Florya değirmeni!
Haberin Devamı ›
Futbolcunun attığı iyi/kötü pas, forvetlerin attığı/kaçırdığı goller, kalecilerin tuttuğu/tutamadığı toplar, teknik adamın doğru/yanlış takım tertibi, oyuncu değişiklikleri ve taktiği gibi oyuna direkt etki eden faktörleri eleştiririz, çoğunlukla... Çünkü bize görünen bunlardır. Ve sonuçtur aslında ilgilendiğimiz. Bütün bir hafta ya da bir sezon boyunca yapılan hazırlıkların bir sonucu. Ama asıl giz, göremediklerimizdedir. Yani antrenman tesislerinde olan bitende... Yaşanan zaferlerin de, hüsranların da temeli orada atılır. Bir sezon orada kazanılır veya kaybedilir. Yıldızlar orada doğar ya da ölür. Her şey nasıl bir ortam yaratıldığıyla ilgilidir.
Bu sezon aldığı yenilgilerle yeni bir tarih yazmaya hazırlanan Galatasaray’ın yaşadığı ve yaşattığı kabusa bu açıdan bakmakta ve şu soruyu sormakta fayda var: Florya’da neler oluyor? Çalışkanlığına toz konduramayacağımız Hagi, hiç kuşkusuz takımı da iyi antrene ediyor. Mutlaka, uyanık olduğu günün her saatinde Galatasaray’ı soluyor. Lakin, Florya’ya hakim mi? Giden Rijkaard hakim miydi? Fatih Terim’in Florya’nın anahtarını da istemesi boşuna mıydı? İşte işin can alıcı noktası burasıdır. Florya’nın nasıl dizayn edildiğiyle alakalıdır, bugün Galatasaray’ın yaşadığı dram.

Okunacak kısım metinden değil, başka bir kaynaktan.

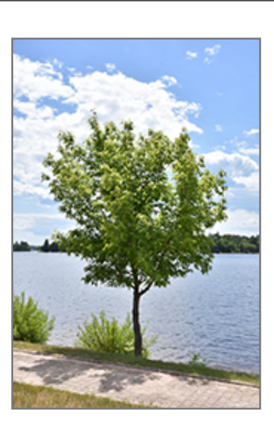
Baron Boxelder

This male selection is a dramatic improvement on the species with its uniformly rounded shape, does not produce prolific seeds like the species; a very durable shade tree for the toughest of locations and an all-round better choice
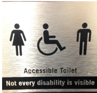
London City Airport
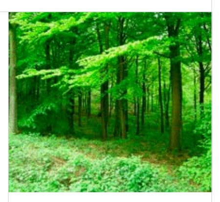
Limited of management of woods encouraged the rich herb layers to develop

Another important success of the project was the involvement of volunteers and local stakeholders and regular and positive collaboration with public authorities, communication with the general public and collaboration with farmers. Such co-operation has continued after the end of the project. An after Life conservation plan set out a staffing structure and land-purchase strategy for the future. In addition, provincial authorities have decided to finance the restoration of a stable
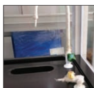
Drip cup, water faucet type and location
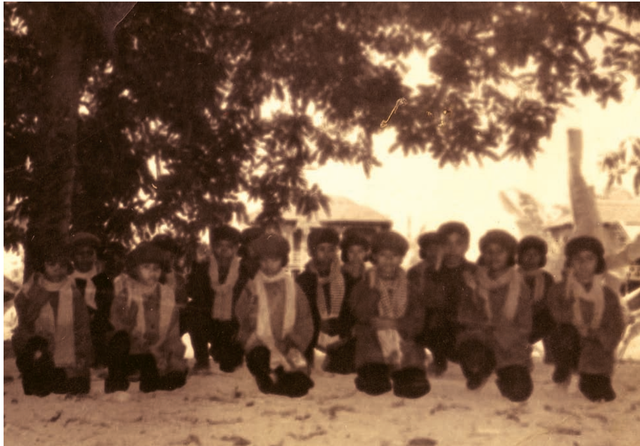
Children unit.

supervision. The senior leaders seemed to believe what their subordinates reported to them, while the cadres were terrified to report any bad news. CPK officials believed that the party never made mistakes and could never be wrong. All bad things were the fault of foreigners or traitors. As living conditions grew worse during the regime, hundreds of thousands died from overwork and malnutrition.
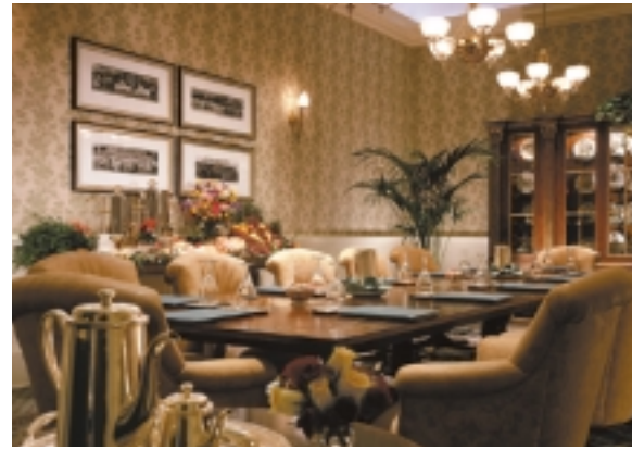
The elegant Park Place Boardroom awaits you.

Our Beautiful Meeting Space Becomes Whatever You Wish It To Be.
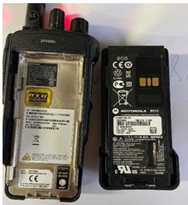
Figure 6. A Motorola DP4400e radio and lithium-ion battery used on the bridge of the S-Trust .

A postcasualty battery inventory identified that the vessel carried twenty-seven 7.4-volt batteries for the radios: 14 of the batteries had lithium-ion cells, and 13 of the batteries had nickel-metal hydride cells. The vessel also had 16 battery chargers: 8 for lithium-ion batteries and 8 for nickel-metal hydride batteries; 6 of the lithium-ion chargers were Motorola

Ve görünen o ki, Galatasaray’ın yatak odasında yolunda gitmeyen bir şeyler var. Bir şeyler eksik yapılıyor Florya’da. İdman sahası, 45 dakika istasyon çalışması, 45 dakika da çift kale maçtan ibaret değildir. Olmamalıdır da... Futbolcuların günün büyük bölümünü birlikte geçirdiklerdi bir iş ortamı, yaşam alanıdır antrenman tesisleri. Teknik adamıyla, yardımcılarıyla, futbolcularıyla, malzemecisiyle, masörüyle, sağlık ekibiyle; dostluğun, yoldaşlığın, kaynaşmanın, paylaşmanın pekiştirildiği cephe gerisidir, aynı zamanda Florya, Ümraniye, Samandıra vs. Orada dert üretilmez, bilakis varsa, futbolcunun özel hayatında yaşadığı sorunlara çözüm üretilir. Gerekirse bir nevi rehabilite merkezi, sıcak bir yuva olur kulüp tesisleri.
Elbette bütün bunları sağlayacak, böylesi bir atmosferi yaratacak olan da, aynı zamanda lider özellikleri taşıması gereken takımın teknik direktörüdür. Mourinho’nun da, Guardiola’nın da, Alex Ferguson’un da, Arsene Wenger’in de, Fatih Terim’in de, Mustafa Denizli’nin de farkı buradadır. İş salt teknik bilgi ve donanımla bitmiyor. Hayatı, insanı, felsefeyi, psikolojiyi de bilmek gerekiyor. İşte Hagi’de eksik olan ve Florya’da da hayata geçmeyen bütün bu değerlerdir. Galatasaray’a yıldız olarak gelenlerin bir anda buharlaşması, gidenlerin gittikleri yerde yeniden kendilerine gelmeleri, yıldız adaylarının tekrar A2’ye savrulması boşuna değildir.
Florya üretmiyor, tüketiyor. Florya değirmen gibi adam öğütüyor. Ve Aslan yattığı yerden belli oluyor!